New York, New Haven & Hartford Railroad v. Haslett Warehouse Co.
Before: Shoemaker
SHOEMAKER, P. J. Defendant Haslett Warehouse Conn pany appeals from a judgment awarding plaintiff The New York, New Haven and Hartford Railroad Company the sum of $9,808.02 as freight undercharges on certain shipments of goods which were consigned to defendant.
There is no conflict in the evidence. It shows that the 21 carload shipments subject of this action were delivered to defendant during the years 1957 and 1958. Plaintiff was the originating rail carrier of the 21 carload shipments and issued the shipping documents pertaining thereto. The Atchison, Topeka and Santa Fe Railway Company was the final or [187]delivering rail carrier of said shipments. Defendant had no beneficial ownership in any of the shipments, which represented some 250 separate consignments, and took delivery of the 21 cars for the sole purpose of acting as a pool car distributor by unloading the cars, sorting the goods, and delivering them to a trucking carrier for beyond transportation to the ultimate consignee.
Defendant had done business with the Atchison, Topeka and Santa Fe Railway Company since 1900. During the last 30 years defendant had received approximately 500 cars per year from said railway company. During the years 1957 and 1958, the rates which pool car distributors were required to charge for their services were set forth in tariffs which were published and filed by the California Public Utilities Commission and by an association of which defendant was a member. The Atchison, Topeka and Santa Fe Railway Company maintained a file of such tariffs.
Defendant’s activities were not confined to pool car distribution alone, however, and it also acted as a public warehouseman and as a common carrier. It had not given the Atchison, Topeka and Santa Fe Railway Company written notice that it was acting as an agent only with regard to the 21 cars subject of this action. It similarly had not given said railway company any notice that it would act as an agent with regard to any goods which might be sent by the particular shippers or consignors of the 21 carloads.

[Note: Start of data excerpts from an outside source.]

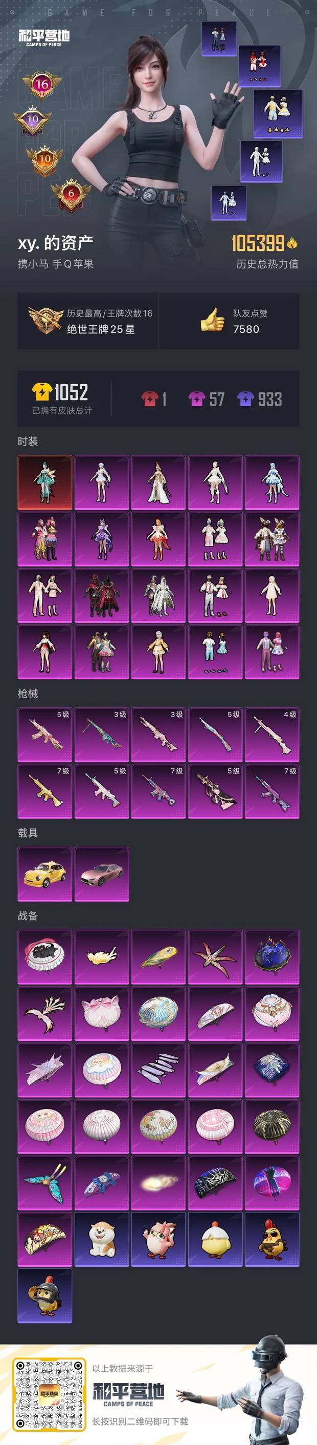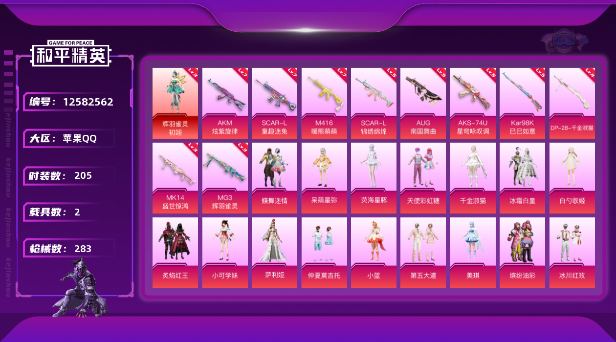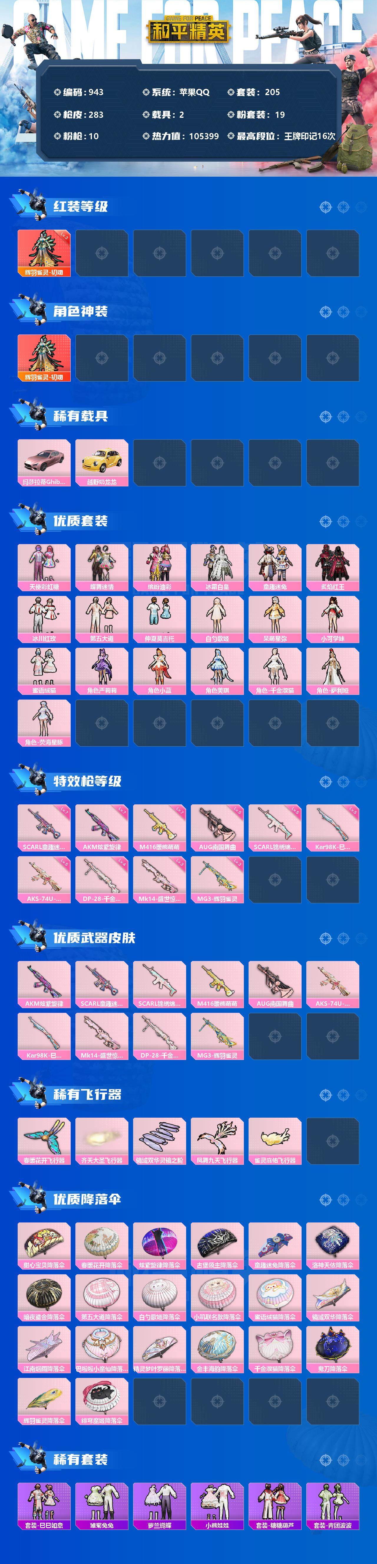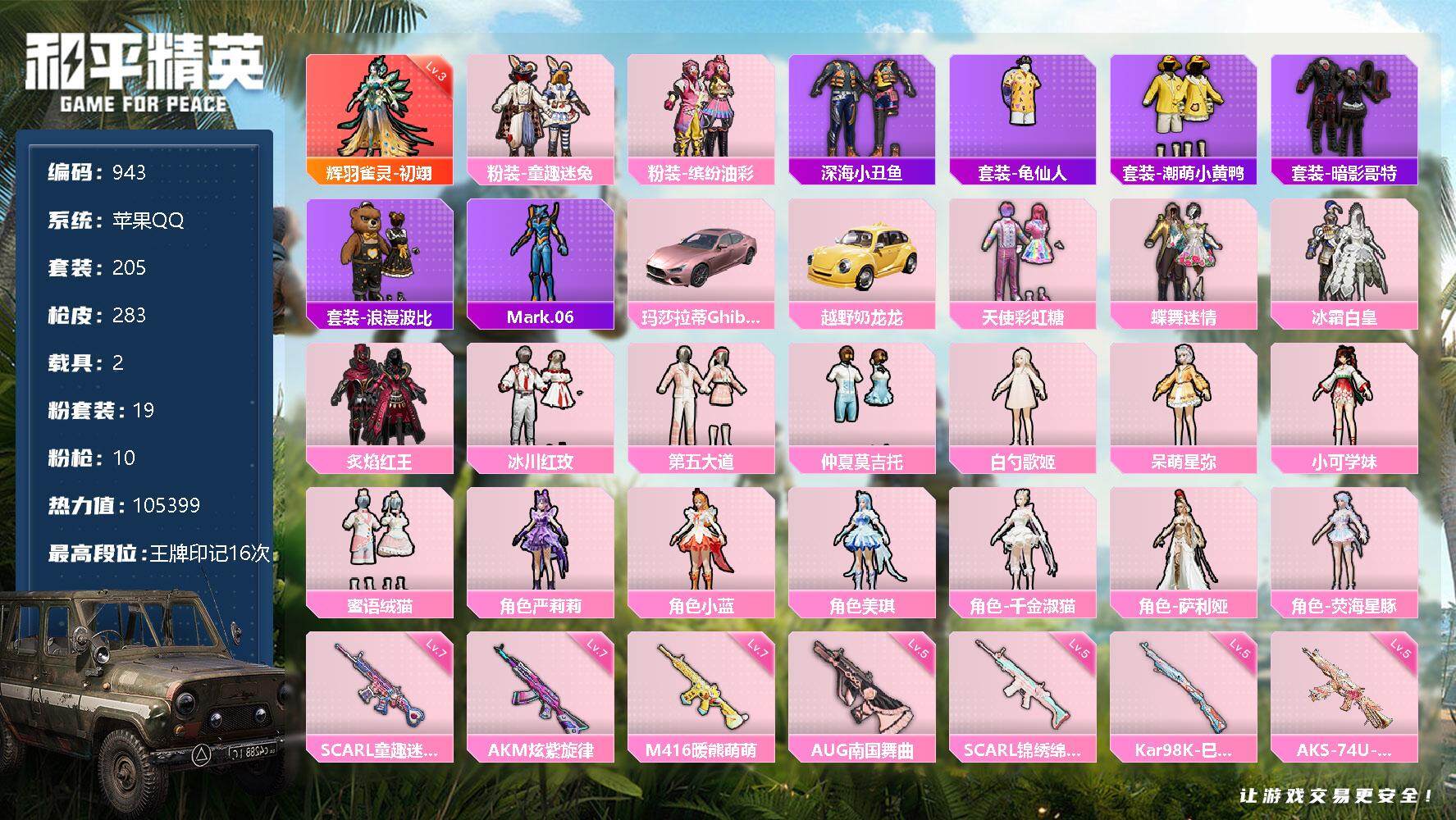 [12582562]苹果 手Q-1神装-19粉装-10特效枪-2载具-6粉色飞行器-105399热力值-16王牌印记-205套装-283枪皮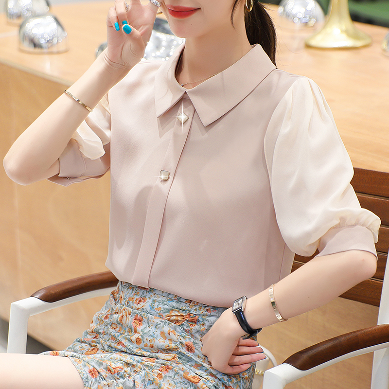 PF1771#OL职业衬衫女夏季 新款泡泡袖上衣时尚五分袖衬衣潮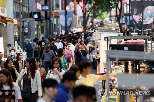 | ▲ The central shopping district of Myeongdong, Seoul, is busy with visitors on May 14, 2023. (Yonhap) |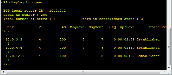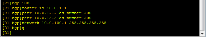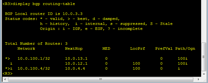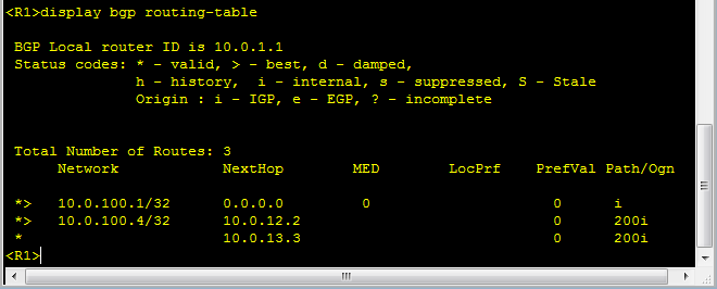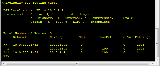 可以看到,R1的BGP路由表中有两条去往10.0.100.4/32的路由信息,下一跳分别为R2和R3。R1通告的10.0.100.1/32网络的Next Hop为0.0.0.0,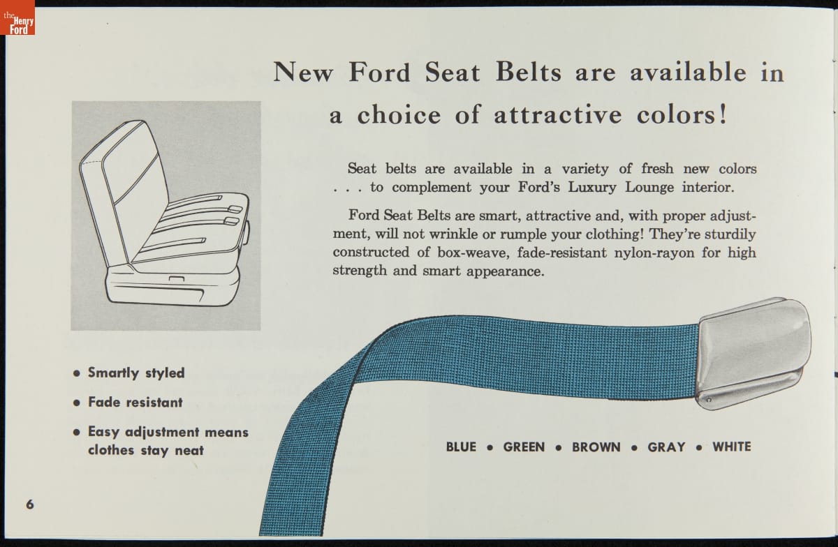 "New Ford Seat Belts, an Important Feature of Ford Lifeguard Design," 1956
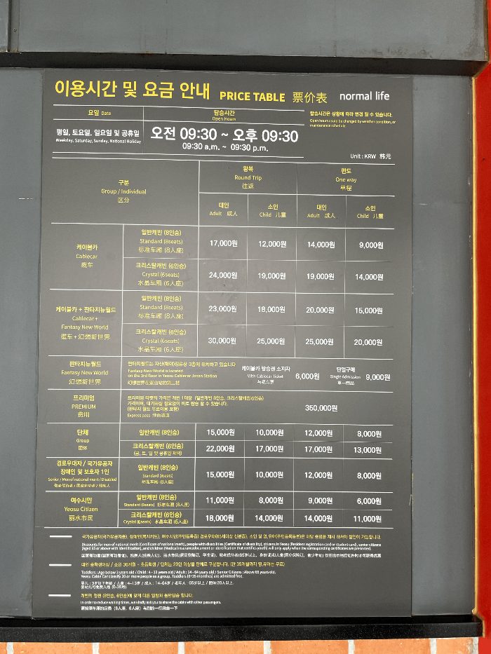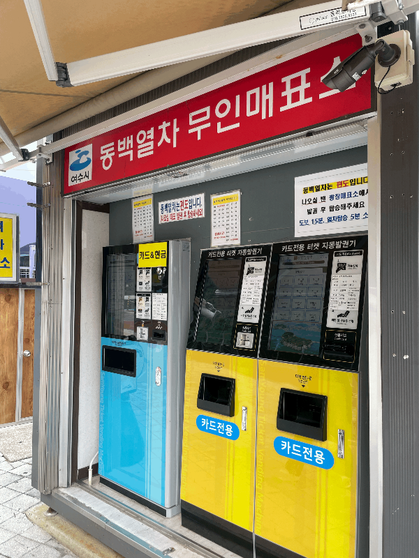 마치 여수바다 위에 떠있는 듯한 경험과 여수바다를 한눈에 바라볼 수 있는 여수해상케이블카는 여수여행의 필수코스이다. 여수해상케이블카는 예약 없이 현장발권과 온라인발권이 가능하다. 할인이 가능한 온라인 발권은 당일 사용이 불가능하고 온라인 발권 다음날부터 사용이 가능하여 우리는 돌산 정류장 무인발권기에서 당일 티켓을 구매하였다. 우리는 일반캐빈 왕복 대인 17,000원 2인 소인 12,000원 46,000원을 지불하고 왕복티켓을 구매하였다.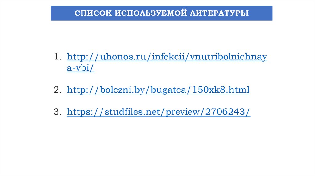 СПИСОК ИСПОЛЬЗУЕМОЙ ЛИТЕРАТУРЫ1. http://uhonos.ru/infekcii/vnutribolnichnay
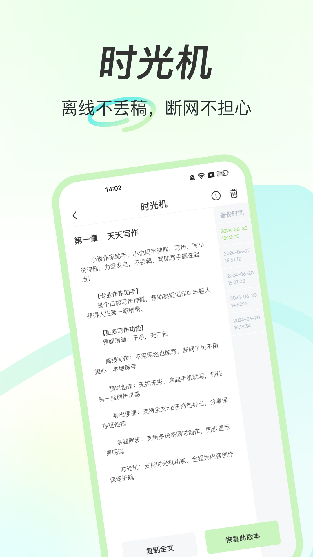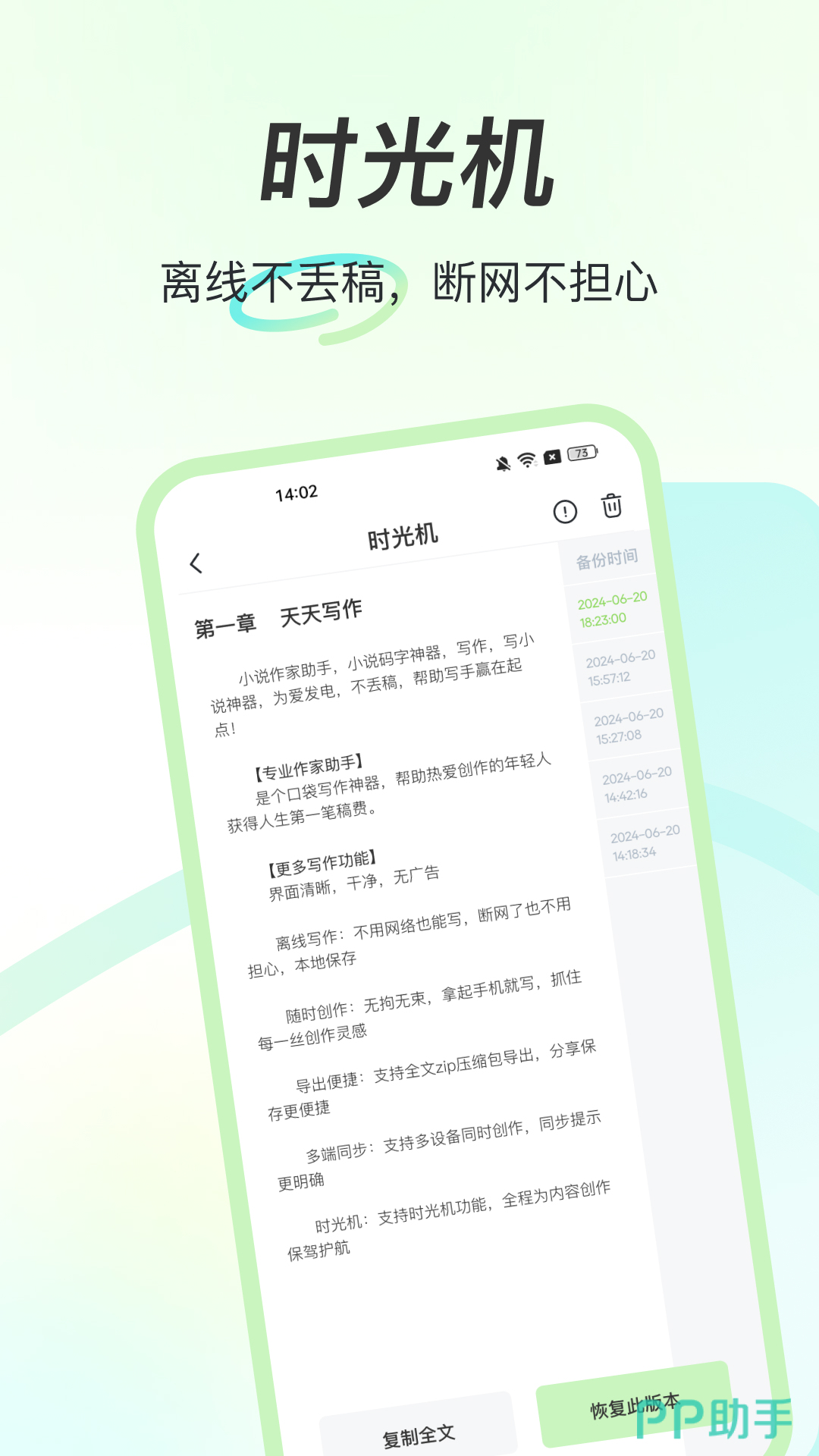 主打轻量级创作体验,界面简洁无干扰,适配碎片化写作习惯。支持离线编辑与自动云同步,内置中文语法校验模块,可实时提示错别字、搭配不当及标点错误;针对小说类文本,额外提供人物对话节奏、场景描写密度等专项分析维度。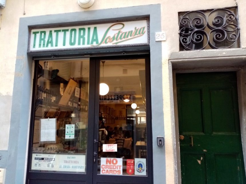 フィレンツェのレストランに詳しい人なら誰でも知ってる?昔ながらの名店、トラットリア・ソスタンツァ。1869年、パスクアーレ・カンポルミにより、オステリア・ワインや食材販売店として創業、カンポルミ家代々引き継いできましたが、1977年よりその伝統を従業員が引き継いできています。オンニサンティ地区の路地にあり、狭い店構えを入ると一昔前にタイムスリップしたようなレトロな雰囲気。スタッフはおそろいのジャケットを着た男性で、にこやかに丁寧に接客してくれます。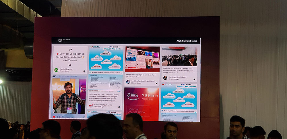 The twitter wall which shows tweets with #AWSSummit on a big screen, though been there for many previous events, was an all time big one and the tweeters were heavily inspired to increase the tweet count. On an average there was 400+ tweets every hour.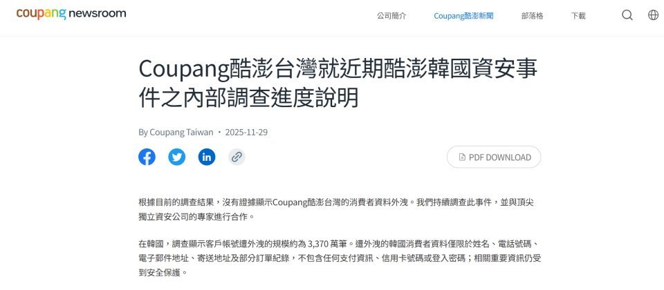 被誉为韩国亚马逊的韩国最大电子商务平台酷澎(Coupang)近日传出用户数据泄露事件,共计3370万用户数据被泄露,相当于酷澎在韩国的全部用户数量,但未波及中国大陆用户。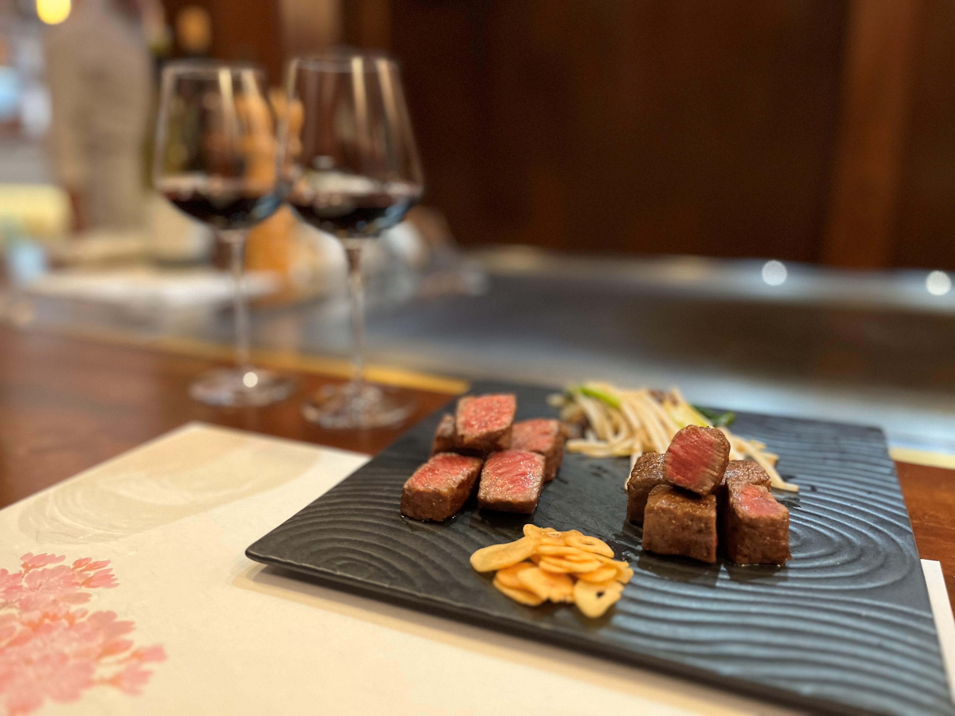 Món chính của bữa ăn chính là thịt bò Kuroge Wagyu hạng A5 được lựa chọn cẩn thận và chế biến dưới dạng bít tết thăn và phi lê để bạn so sánh. Với trọng lượng 50g mỗi loại, bạn sẽ bị mê hoặc bởi độ dày của miếng thịt cùng mặt cắt đẹp mắt!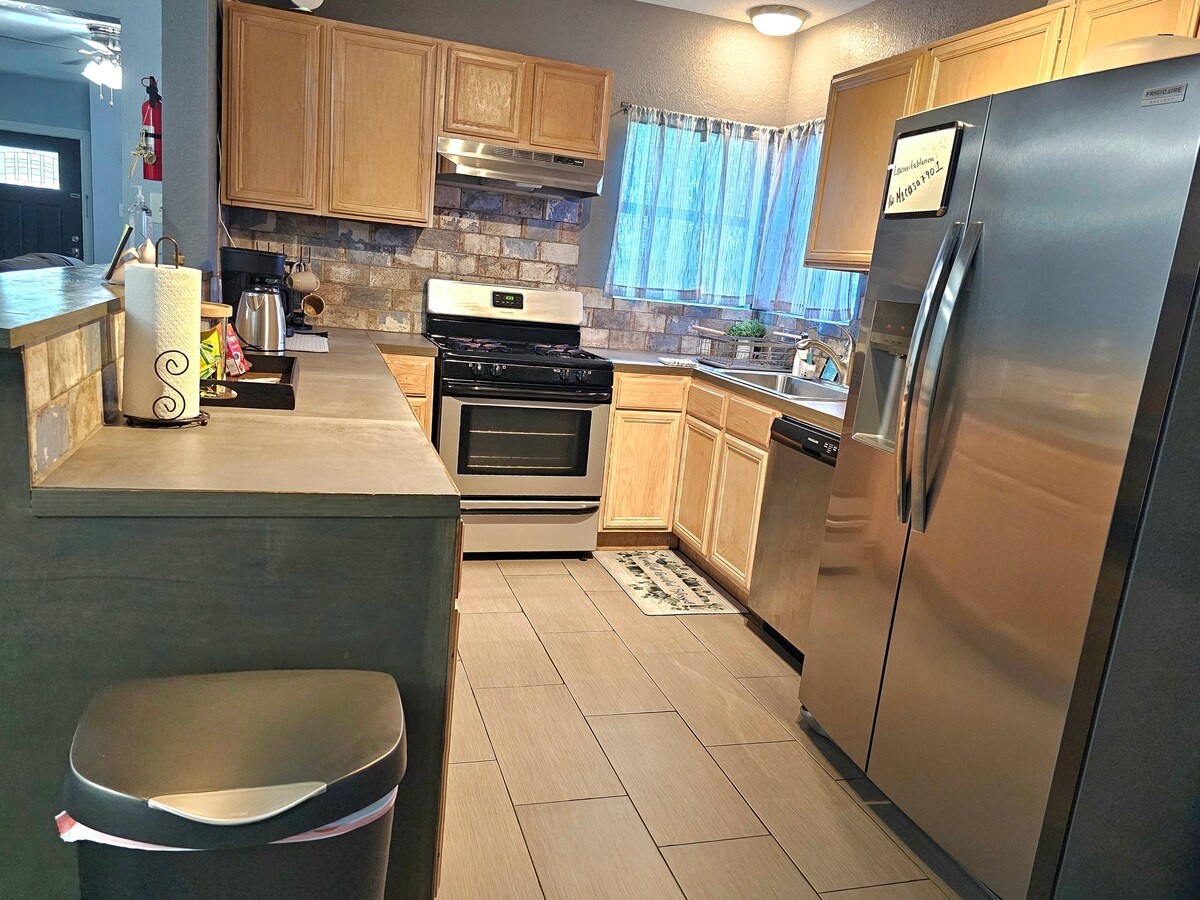 Welcome to our cozy and private 1-bedroom, 1-bathroom guest house, perfect for couples or solo travelers looking to explore Houston! Located 10-15 minutes from Hobby airport, the Texas Medical Center, Downtown, and the NRG stadium, you’ll have easy access to the city. This space offers a queen purple mattress for a comfortable night’s sleep, a fully-equipped kitchen with gas stove, fridge, and dishwasher, a washer and dryer, an ice machine, and a spacious and modern bathroom.

Upon taking delivery of the 21 cars, defendant paid in full all the charges shown on plaintiff’s shipping documents. However, it was subsequently learned that said charges were incorrect, being $9,808.02 too low, and plaintiff commenced this action to recover that amount. Defendant resisted the action upon the sole ground that the above mentioned tariffs constituted sufficient written notice, under the particular circumstances of the case, to relieve defendant from liability under title 49, United States Code Annotated, section 3, paragraph (2).